Full Service Stockbrokers
Full Service Stockbrokers
You can find full service stockbrokers at the most well-known and established companies,
including
Salomon Smith Barney
Morgan Stanley
Goldman Sachs
Merrill Lynch
For all their eminent reputations, however, brokerage firms use a substantially different track
for selling stock than the average investor would think. The company that uses the
expression about making money the old-fashioned way-earning it-isn't lying. They just
didn't specify for
whom they were making that old-fashioned money.
Bluntly put, stockbrokers have to make a living, too. And that lifestyle isn't cheap. Did I
mention that full service brokers also charge the highest commissions? I've heard of full
service brokers who charge up to $75 per transaction. Even though the average investor may
be aware of these commissions, what goes largely unsaid is the other ways in which
stockbrokers make money or further their business.
You should know upfront that in all fairness, full service brokers and brokerages have their
uses and place within investment. Many people, for a variety of reasons, do utilize the
services of full service brokers and brokerages and do very well by them.
For example, someone with enough money in the market to prohibit the time needed to
effectively keep track of investment trends (because the person is using all that time to make
the money that's being invested) would make a good candidate for a full service broker.
Also, someone who was planning to buy and/or sell on a daily basis is an example of
someone who might fare well using the services of a broker. Although this type of client,
however, would still do well to consider excessive service fees involved in these kinds of
services. In addition, most stockbrokers aren't dishonest and do play upfront with their
clients. After all, unhappy clients will leave sooner or later, so it's in the stockbroker's best
interest to keep them happy.
The average stockbroker, however, does have to make a living. So, for example, a
stockbroker with his or her huge wealth of knowledge tells you that purchasing stock in XYZ
Company is the single best thing you can do. You invest as the stockbroker tells you to; after
all, who are you to second-guess the stockbroker? You're a dentist with little or no knowledge
of how all this works, whereas the broker has years of experience and access to a substantial
amount of firm research- usually from within the brokerage house itself. So, the stockbroker
takes a commission for placing the purchase order. The stockbroker is happy; you're happy.
What could be wrong?
Did the stockbroker mention that the reason you should buy XYZ Company stock is also
because he or she needs to sell a certain amount of XYZ Company's stock in order to retain
his or her account, and the broker was running pretty close to the end of the month without
having reached that quota? Or did the stockbroker mention that the company is giving him or
her a cut of the sale out of the backside for each share the broker places with a client? The
stockbroker wasn't lying about XYZ Company stock being the best purchase you could make.

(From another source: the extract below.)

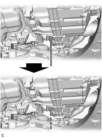 | (3) Wait until the automatic transaxle fluid flow slows and only drips come out. HINT: The automatic transaxle fluid flow will not stop completely because the automatic transaxle fluid continues to expand as its temperature increases. |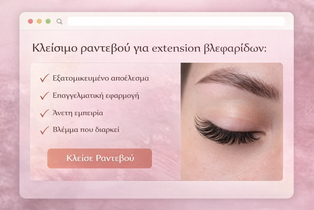 Το κλείσιμο ραντεβού για extension βλεφαρίδων δεν είναι απλώς μια ημερομηνία στο ημερολόγιο. Είναι η αρχή μιας εμπειρίας που πρέπει να είναι:

The broker just failed to mention that the payday was his or hers, not yours.
Also, the "research" that you thought would make a difference, and that went largely
unnoticed in this transaction was flawed anyway. The analysts who compile this research are
under extraordinary pressure from upper management as well as from the clients themselves
to back up the interests of the company. Not necessarily to lie, mind you, but to present the
information in its best-or in the case of the competitor, the worst-possible light.
CAUTION
A full service broker usually manages his or her client's account directly and charges
the highest commissions.
And finally, from personal experience, many people develop a good working relationship with
their brokers and a strong sense of loyalty keeps them as clients. Even in these situations,
however, be aware of the whole story.